Segment Open
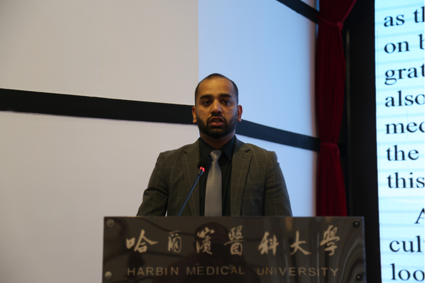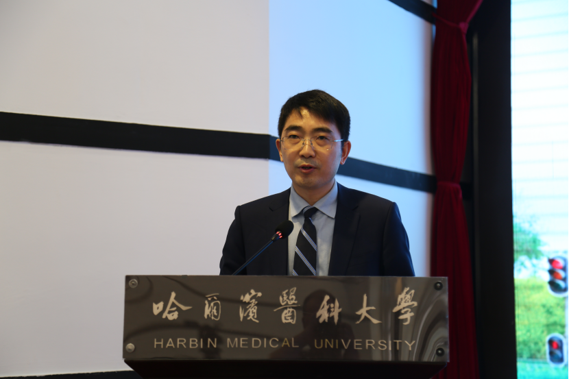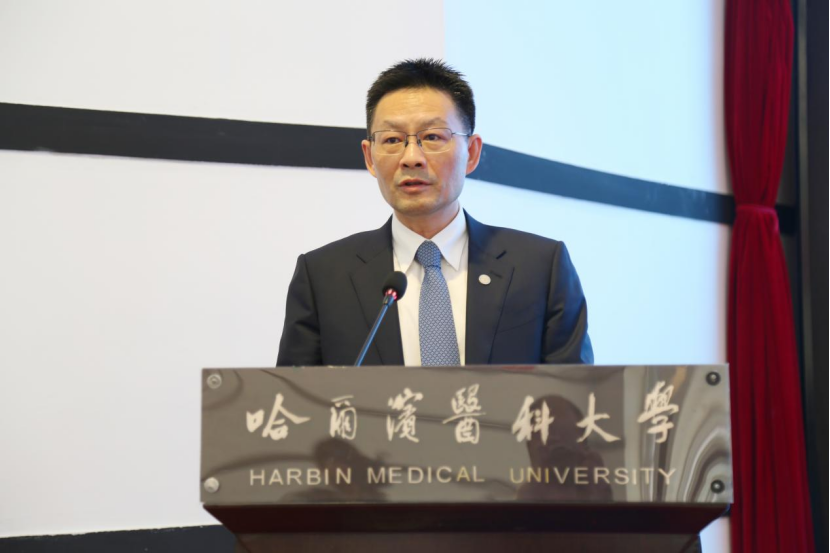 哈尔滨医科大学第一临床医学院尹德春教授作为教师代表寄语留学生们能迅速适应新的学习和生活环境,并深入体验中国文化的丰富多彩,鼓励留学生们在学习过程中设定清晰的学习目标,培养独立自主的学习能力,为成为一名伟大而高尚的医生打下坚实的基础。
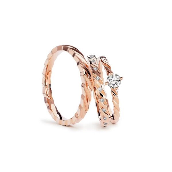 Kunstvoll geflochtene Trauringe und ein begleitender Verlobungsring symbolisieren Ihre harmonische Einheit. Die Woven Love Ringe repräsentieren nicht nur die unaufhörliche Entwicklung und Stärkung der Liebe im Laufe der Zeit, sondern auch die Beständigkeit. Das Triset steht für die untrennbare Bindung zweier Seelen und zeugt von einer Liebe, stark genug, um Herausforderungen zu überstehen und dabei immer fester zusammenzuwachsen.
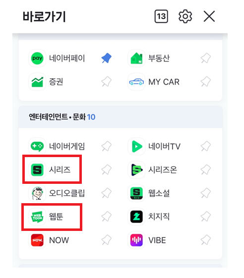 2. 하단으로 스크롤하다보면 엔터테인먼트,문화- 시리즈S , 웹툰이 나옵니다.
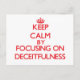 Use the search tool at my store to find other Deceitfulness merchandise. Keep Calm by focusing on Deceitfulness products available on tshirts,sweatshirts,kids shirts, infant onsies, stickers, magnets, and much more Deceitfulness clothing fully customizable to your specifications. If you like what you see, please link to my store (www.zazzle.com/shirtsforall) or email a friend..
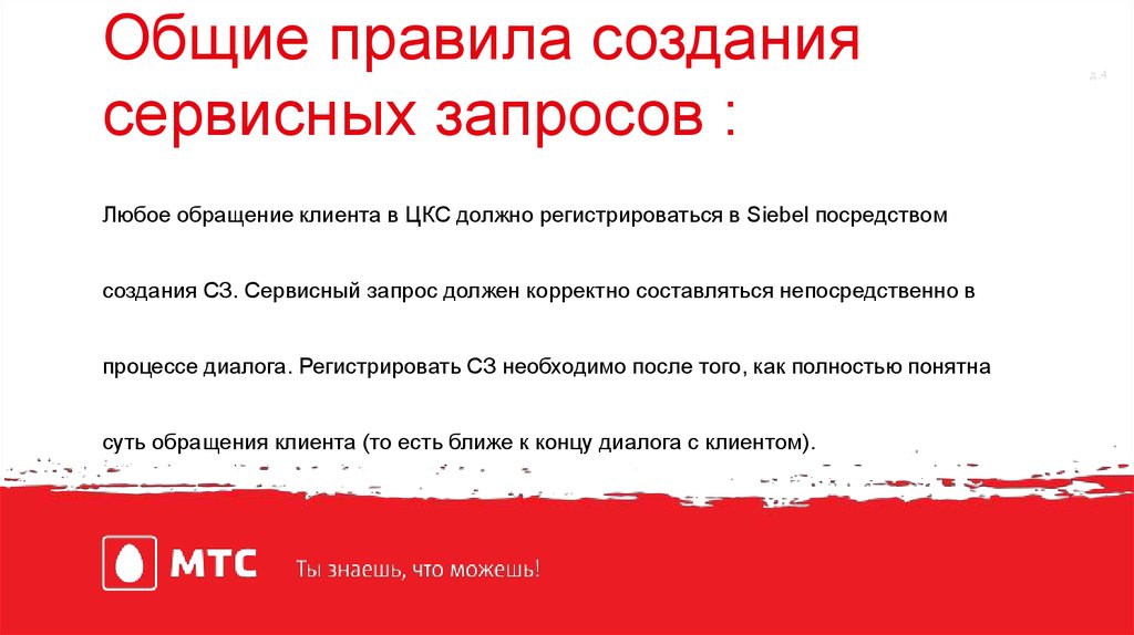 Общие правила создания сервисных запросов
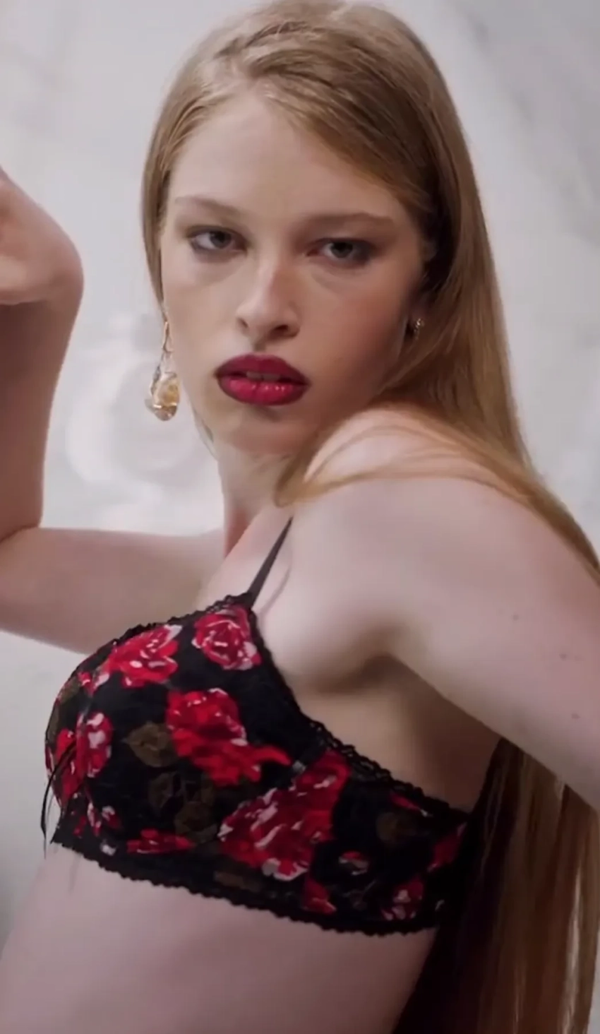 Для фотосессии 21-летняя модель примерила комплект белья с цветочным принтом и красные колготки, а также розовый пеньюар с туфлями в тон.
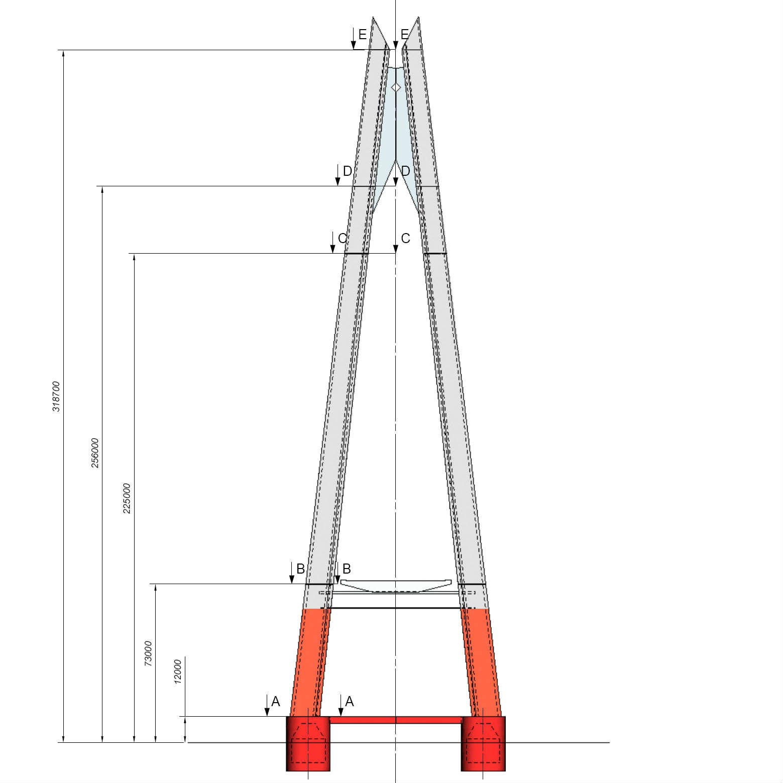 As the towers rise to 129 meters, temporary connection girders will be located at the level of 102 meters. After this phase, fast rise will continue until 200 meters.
Segment Closed
§ EXERCISE BRIEF: Return the data word for word without its pictures.

§ WRITTEN SOLUTION:
 哈尔滨医科大学第一临床医学院尹德春教授作为教师代表寄语留学生们能迅速适应新的学习和生活环境,并深入体验中国文化的丰富多彩,鼓励留学生们在学习过程中设定清晰的学习目标,培养独立自主的学习能力,为成为一名伟大而高尚的医生打下坚实的基础。
 Kunstvoll geflochtene Trauringe und ein begleitender Verlobungsring symbolisieren Ihre harmonische Einheit. Die Woven Love Ringe repräsentieren nicht nur die unaufhörliche Entwicklung und Stärkung der Liebe im Laufe der Zeit, sondern auch die Beständigkeit. Das Triset steht für die untrennbare Bindung zweier Seelen und zeugt von einer Liebe, stark genug, um Herausforderungen zu überstehen und dabei immer fester zusammenzuwachsen.
 2. 하단으로 스크롤하다보면 엔터테인먼트,문화- 시리즈S , 웹툰이 나옵니다.
 Use the search tool at my store to find other Deceitfulness merchandise. Keep Calm by focusing on Deceitfulness products available on tshirts,sweatshirts,kids shirts, infant onsies, stickers, magnets, and much more Deceitfulness clothing fully customizable to your specifications. If you like what you see, please link to my store (www.zazzle.com/shirtsforall) or email a friend..
 Общие правила создания сервисных запросов
 Для фотосессии 21-летняя модель примерила комплект белья с цветочным принтом и красные колготки, а также розовый пеньюар с туфлями в тон.
 As the towers rise to 129 meters, temporary connection girders will be located at the level of 102 meters. After this phase, fast rise will continue until 200 meters.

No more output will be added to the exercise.